Towards the end of January, the Ukrainian government continued its message of calm. A think tank led by the former defense minister has released a report saying the troops Russia has amassed near the Ukrainian border are not yet sufficient for a full-scale invasion. President Zelensky called together foreign correspondents to chastise them for writing “as if an army were marching through our streets”. Most Western media do not have a permanent correspondent in Kiev, or even in neighboring European capitals such as Warsaw or Vienna, and yet more than twenty journalists gathered to listen to the president in person. Their mere presence cast doubt on his message that there was no story there.
“There are more foreign correspondents here than at any time since 2014,” Nataliya Gumenyuk, founder of the Public Interest Journalism Lab, told me. “I wonder: are we normalizing the expectation of war? Or do they know something we don’t? When do we say, ‘Stop overdoing it,’ and when do we have to start preparing?” Gumenyuk, who is 38, covered the Maidan and wrote a book about occupation of Crimea. When I dined with her and her husband, Pyotr Ruzavin, in a restaurant with a tin ceiling, ‘Brooklyn pizza’ on the menu and an elaborate selection of teas, war seemed more unimaginable than ever.” I read all the scenarios,” Gumenyuk said. “Some Western newspapers are reporting that there will be an invasion of Kiev by troops crossing the border with Belarus, but how are they going to get here, through the swamps It’s five hours by car.
It’s really not far, I thought. “It’s really not far,” Ruzavin said.
Ruzavin, 30, is a Russian journalist based in Moscow. He is tall and skinny and squints and blushes when Gumenyuk corrects something he said, which happens often. They got married four and a half years ago in Minsk, Belarus, a place their friends from Kyiv and Moscow could reach. They continued to work in their respective cities (Ruzavin worked for several outlets which the Russian state called “foreign agents”), so their marriage is a suburban marriage, i.e. Ruzavin goes to Kyiv. Travel became more and more difficult. There have been no direct flights since 2015. When covid hit, the night train from Moscow also stopped running. Ruzavin started flying through Minsk, but after Belarus forced a Ryanair flight to arrest a dissident who was on board, European airlines stopped flying there. Today, Ruzavin commutes via Istanbul or Amsterdam, a long and expensive journey.
Ruzavin believes that the declaration of war will come through Russian television: when prominent media personalities start calling for an invasion of Kiev or the abolition of the Ukrainian state, it will have begun. “These are the sirens of war,” he said. He was due to return to Moscow in mid-January, but postponed his departure until after the Beijing Olympics.

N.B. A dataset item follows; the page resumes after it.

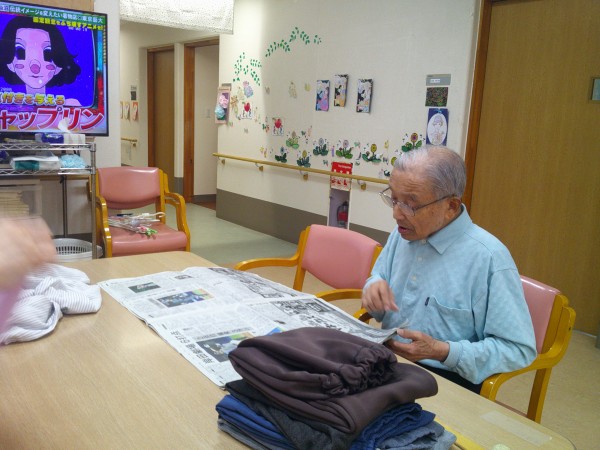 日中はフロアで皆様思い思いに生活されています。洗濯物たたみや新聞折りを手伝って頂くこともあります。

It’s something of a superstition: Russia launched its offensive against Georgia on the first day of the Summer Games in Beijing in 2008 and invaded Crimea as the Winter Games in Sochi drew to a close. (A rumor, vehemently denied by China, is that Putin promised Xi Jinping not to start a big war during the Olympics this time around.)

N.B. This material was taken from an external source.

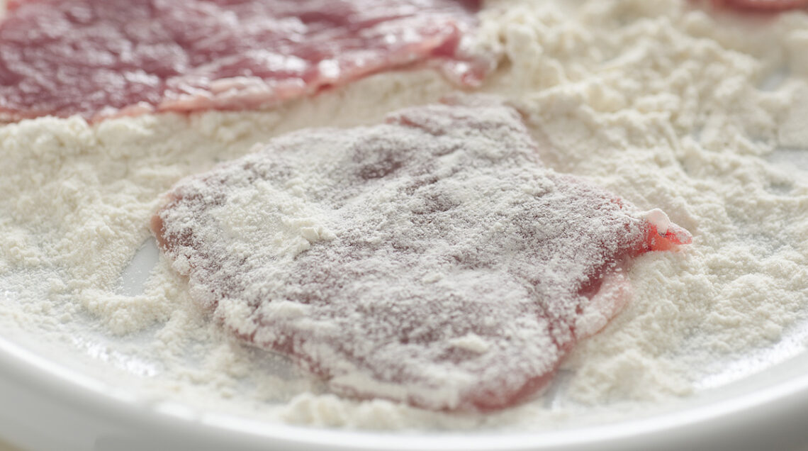 La leggera infarinatura delle fettine (foto in basso) ha due scopi: il primo è permettere di dorare rapidamente la carne, il secondo di addensare i succhi e ottenere un intingolo ben legato. Sempre prevista in caso di cotture in bianco, come nelle classiche scaloppine al limone o al vino bianco, a volte si omette in quelle al pomodoro, come la pizzaiola, naturalmente più dense e “sugose”.

“I kept an eye on the Kerch Strait,” east of Crimea, Gumenyuk said, continuing to ponder possible signs that a new stage of the war has begun. “Or a cyberattack, they could shut down the Zaporizhia nuclear power plant. Two weeks ago, when someone hacked into a dozen top government sites, I thought this might have started. But that was just the homepages, the hacks didn’t go any further.